Nilai kontrak kontrak rehabilitasi ini sebesar Rp113,7 miliar yang ditargetkan selesai di akhir Desember 2022.

- Advertisement -

PropertiTerkini.com, (NGAWI) — Kementerian Pekerjaan Umum dan Perumahan Rakyat (PUPR) tengah menyelesaikan pekerjaan rehabilitasi bangunan pada Kawasan Pusaka Benteng Van den Bosch atau biasa disebut Benteng Pendem di Kabupaten Ngawi, Provinsi Jawa Timur.

Rehabilitasi Benteng Pendem dilakukan demi menjaga kelestarian bangunan cagar budaya yang dibangun tahun 1840-an sekaligus meningkatkan potensi pariwisata di Kabupaten Ngawi.
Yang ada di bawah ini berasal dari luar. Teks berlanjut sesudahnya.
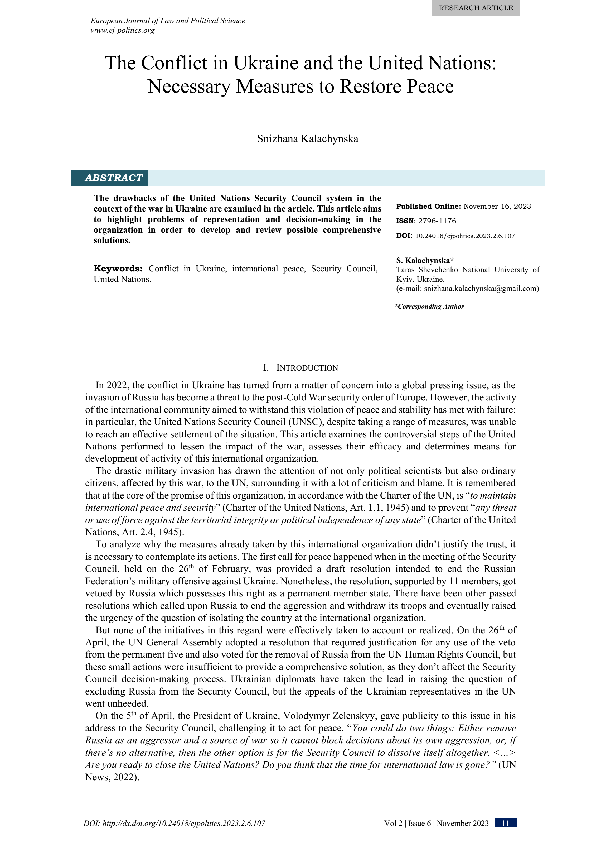 The Conflict in Ukraine and the United Nations: Necessary Measures to Restore Peace
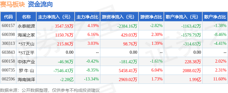 从资金流向上来看,当日赛马板块主力资金净流出2.55亿元,游资资金净流入6389.63万元,散户资金净流入1.91亿元。赛马板块个股资金流向见下表:
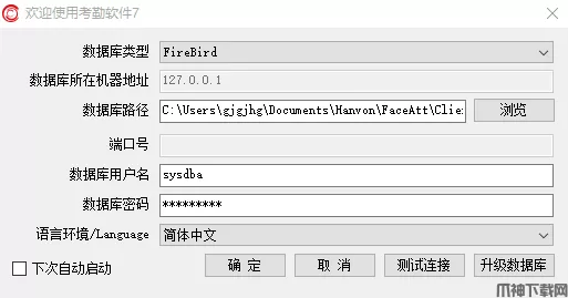 3、打开汉王考勤管理系统服务端(部分系统会显示安装一个插件进行安装即可),点击升级数据库后再点击测试连接后在点击确定即可;
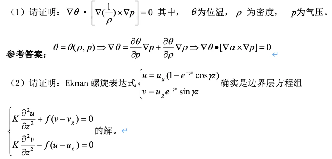 参考答案:包辛内斯克近似是针对大气密度所做的近似,在水平运动方程中的气压梯度力项,其密度扰动可以忽略,用其平均值代替;在垂直运动方程中,与浮力相关的密度扰动要加以考虑,不能忽略;在连续性方程中,大气密度扰动的个别变化项可以忽略;但热力学能量方程中,由密度扰动引起的能量变化与由于温度扰动变化引起的能量变化或者由于气压扰动变化引起的能量变化具有相同量级,不能忽略。
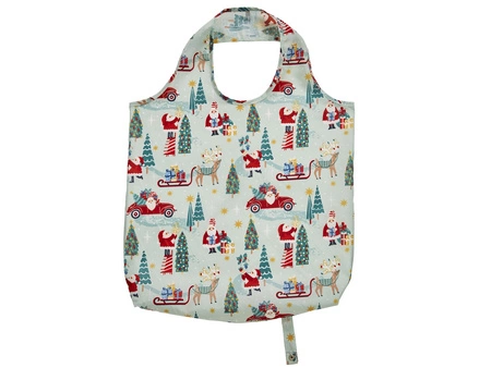 Świąteczna siatka na zakupy Tiss The Season marki Ulster Weavers. Dzięki łatwemu zwinięciu i zapięciu na guziki, może być przechowywana w torebce lub kieszeni.
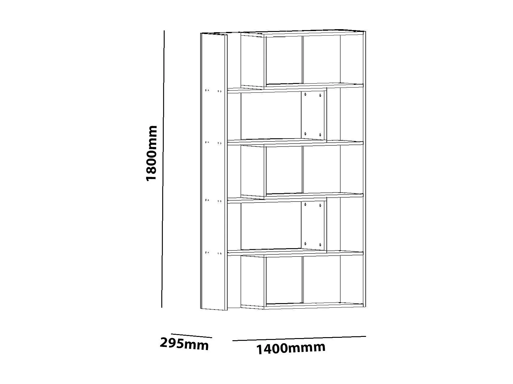 Estante branca moderna, 140 cm x 29,6 cm x 177,4 cm | Painel de partículas 100% revestido de melamina, 18 mm de espessura | Armazenamento el
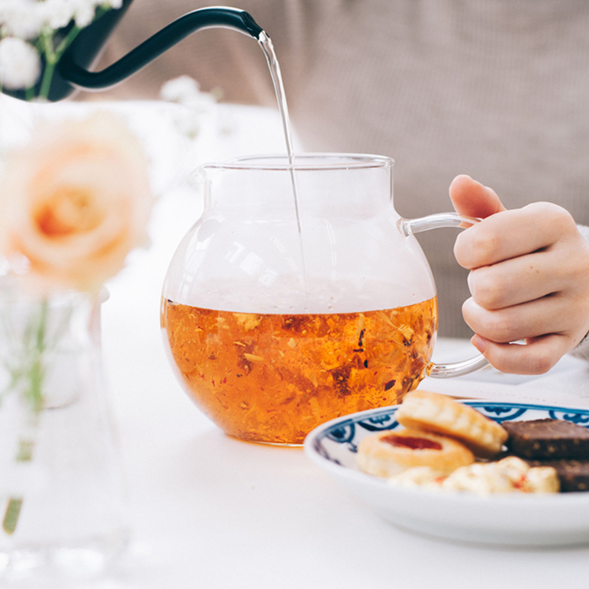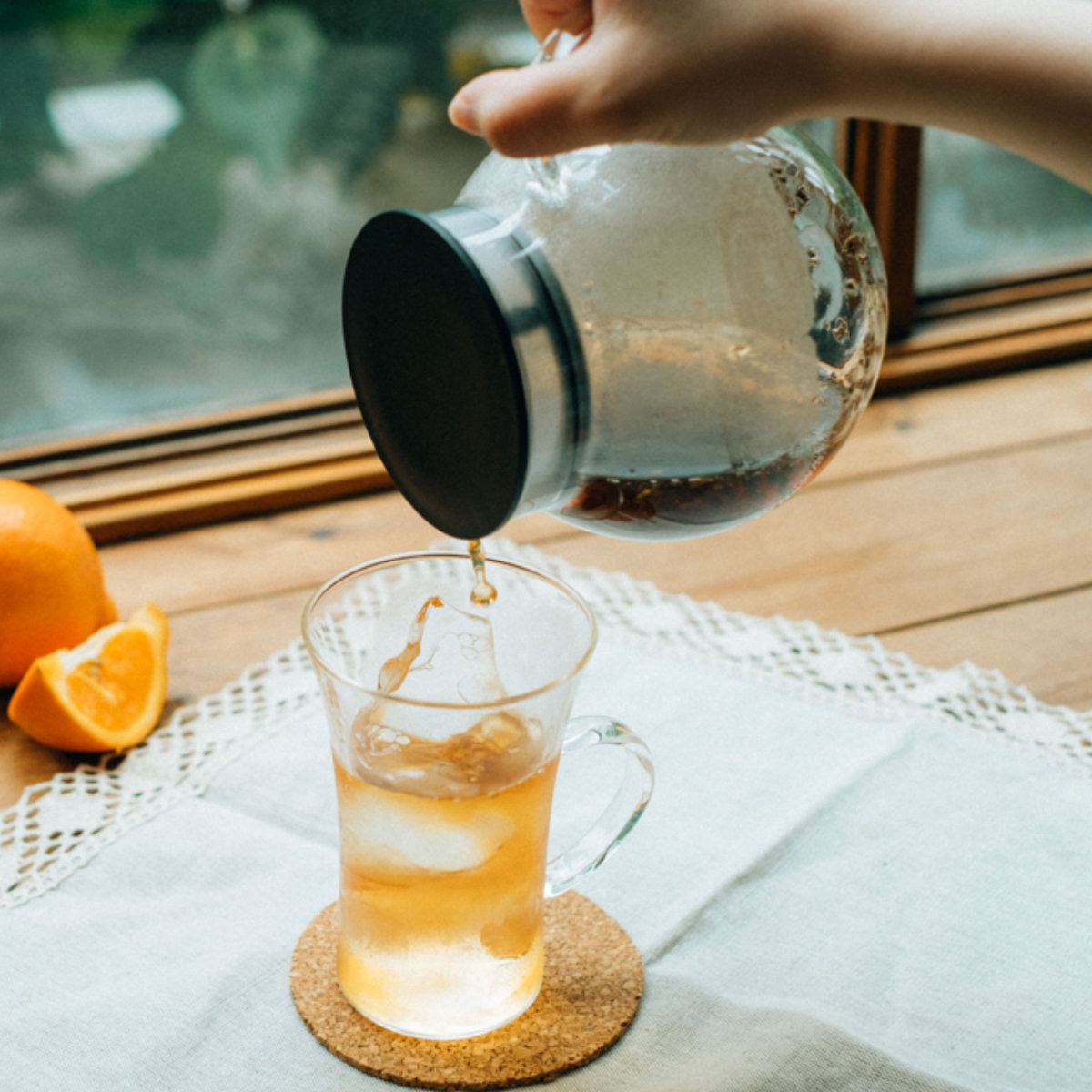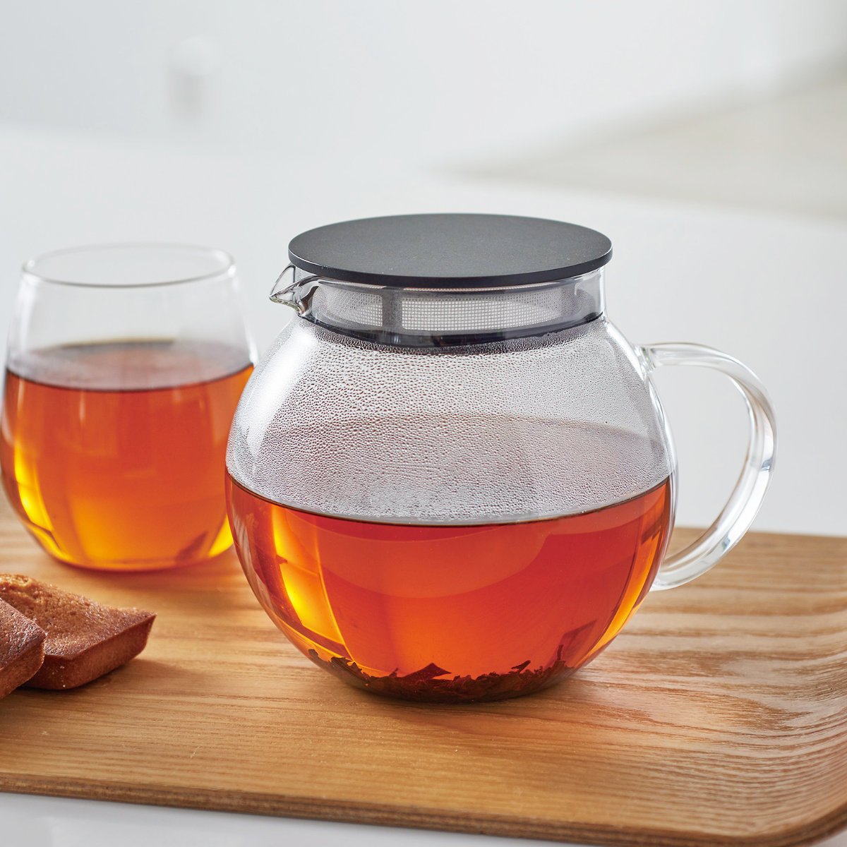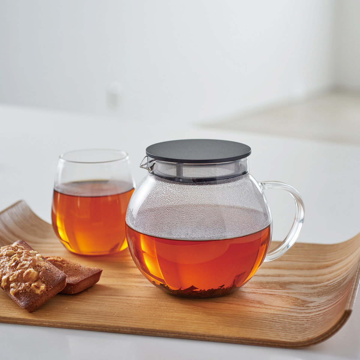 ティーポット本体がガラス製なので、茶葉が開く様子やドリンクの色をじっくりと眺めて愉しめます。日本茶、紅茶など、様々なドリンクに合わせやすいデザインです。

Baca Juga: Program KOTAKU Sentuh Kawasan Gresik

Menteri PUPR Basuki Hadimuljono mengatakan rehabilitasi ini dilaksanakan sebagai tindak lanjut atas instruksi Presiden Joko Widodo saat beliau mengunjungi Benteng Pendem pada tanggal 1 Februari 2019 silam. Apalagi kawasan Benteng Pendem ini merupakan cagar budaya, penataannya harus dilakukan secara hati-hati agar nilai kulturalnya tetap terjaga.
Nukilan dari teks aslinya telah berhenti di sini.